15 Ekim 2016 Cumartesi

LÜTFÜ DEVELİ (LUTUF VELİ) ’nin ESERLERİ ÜZERİNE Abdullah Çağrı ELGÜN

LÜTFÜ DEVELİ (LUTUF VELİ) ’nin 

ESERLERİ ÜZERİNE                            
                      Abdullah Çağrı ELGÜN 

Lutuf Veli çok yazan bir sanat yolcusu. Bununla birlikte yazdıkları şiir ve yazıların çoğunda imlâ ve noktalama kurallarını uygulamada çok büyük yanlışlıklar var. Bu durum mısra ve cümlelerin anlaşılmasını zorlaştırdığı gibi Türkçenin kurallarını eksiksiz uygulama konusunda da eksiklikler meydana getirmektedir.

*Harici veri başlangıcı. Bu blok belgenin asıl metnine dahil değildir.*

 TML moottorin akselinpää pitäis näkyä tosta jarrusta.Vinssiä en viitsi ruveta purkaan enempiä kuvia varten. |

Çok yazmak elbette güzel ve önemli bir husustur; ama yazılan yazılar yanlışsız olmalı ve o eseri okuyanlar okuduğunu anlamalı, anladığından mânâlar çıkarabilmelidir. Bir Fransız yazarı: “Yirmi bin yıl sonra okunmayacağımı bilseydim, elime kalemi almazdım.” diyor.

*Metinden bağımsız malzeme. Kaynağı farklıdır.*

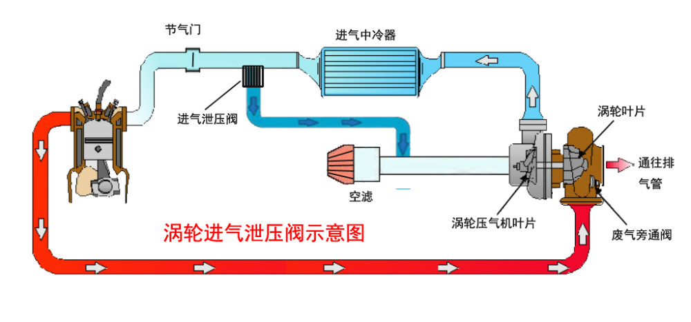 进气泄压阀:把进气管里的高压空气排出去

Canlı bir varlık olan dilin, devamlı olarak gelişme ve değişmesi, bazı harflerin yetersizliği veya çift fonksiyonlu oluşu, fonetik değişkenlik, dile yabancı kelimelerin girmesi, serbest alışkanlıklar gibi görüntüler, imlâmızda bazı çeşitliliklere sebep olmaktadır; ancak Türk imlâsı sık sık değişmesi gereken bir sistem değildir. Kaçınılmaz farklılıkların  dışında imlâda birlik sağlanabilmesi için ISRARLA KURALLARA UYULMASI ŞARTTIR.
Millet olarak kalmak, zamana ve asırlara  karşı koymak, Türk dilinin gelecek kuşaklara bozulmadan ve yozlaşmadan taşınabilmesi imlâdaki birliktelik ile mümkündür. İmlâdaki birliktelik millî güvenlikte, millî savunmadaki birlikteliktir.
Lutuf Veli’nin aşağıdaki şiirlerinde: “İki Yüzlü”; alem, “âlem” sözleri, birincisinde sembol, minaredeki ay; ikincisinde dünya, evren, acun, evren, elgün gibi anlamlar ifade ediyor. Birinci sözü ikinci yerine, ikinci sözü de “âlem” birincinin yerine kullanamazsınız. Şiirde geçen vaveyla “vâveylâ,”, ağlayış, çığlık, …vb anlamlar ifade ediyor. Uzatma işaret, olmadığında bu mânâlarının dışına çıkılıyor. Şurada da babanın kız kardeşi demek olan “hala”  ile; devam eden zaman, an anlamlarına gelen kelime “hâlâ”, birbirleriyle karıştırılmıştır. Böyle olunca mısrada anlatmak istediklerimiz de bizim anlatmak istediğimiz gibi değil; cümle içindeki kelimelerin anlattığı gibi anlaşıldığından, anlam kargaşası ve anlatım bozukluğu meydana getirmektedir.
“Ey aşkların eyyamı şehri hüzün”; “Bir Halin Resmi” Şiir (Uykuda tüm alem, “âlem”, “Onu da bir anne doğurdu, vardı annesi şimdi” şiir az sözle çok şey ifade etmek için söylenir. Tekrarlar ise şiirdeki anlamı kuvvetlendirecekse yapılmalı. Söylenilen bu mısradaki tekrar ise bu söylediklerimizden hiç birine uymuyor. Bu mısrada bu tekrar anlaşılmıyor.
   
Şiirin anlatımdaki tekrarlar ve bu tekrarlardaki çelişkiler şiiri okuyanı tatmin etmek yerine kafasında soru işaretleri bırakıyor. “Şair ne söylemek istiyor?..” diye düşündürüyor. “Keşkelerle örülmüş bir yanmışlık, yitmişlik kalabalıklar içinde” “yanmışlık, yitmişlik” yanlış olarak ve çelişkili kullanılmış. Bu mısrada anlatılmak istenen tam olarak söylenmiş, bitirilmiş; fakat buna şair kendisi de inanmamış olmalı ki arkasından bir söz daha söylenmiş: “kalabalıklar içinde” denerek cümle tamamlanmağa çalışılıyor. Bu da şiiri güçlendirmek yerine zayıflatıyor.  Sonlandırma da yanlış bir deyim söylenerek bitiriliyor.“yanmak, yitmek” böyle bir kullanılış halk arasında: “yanmak yıkılmak; yanmak kül olmak, yanıp tütmek…vb” olabilir; ama söz bittiğinde bile söze inanılmadığı için, tekrar başa dönülmüş ve anlatıma yeni söz ile destek verilmek istenmiştir.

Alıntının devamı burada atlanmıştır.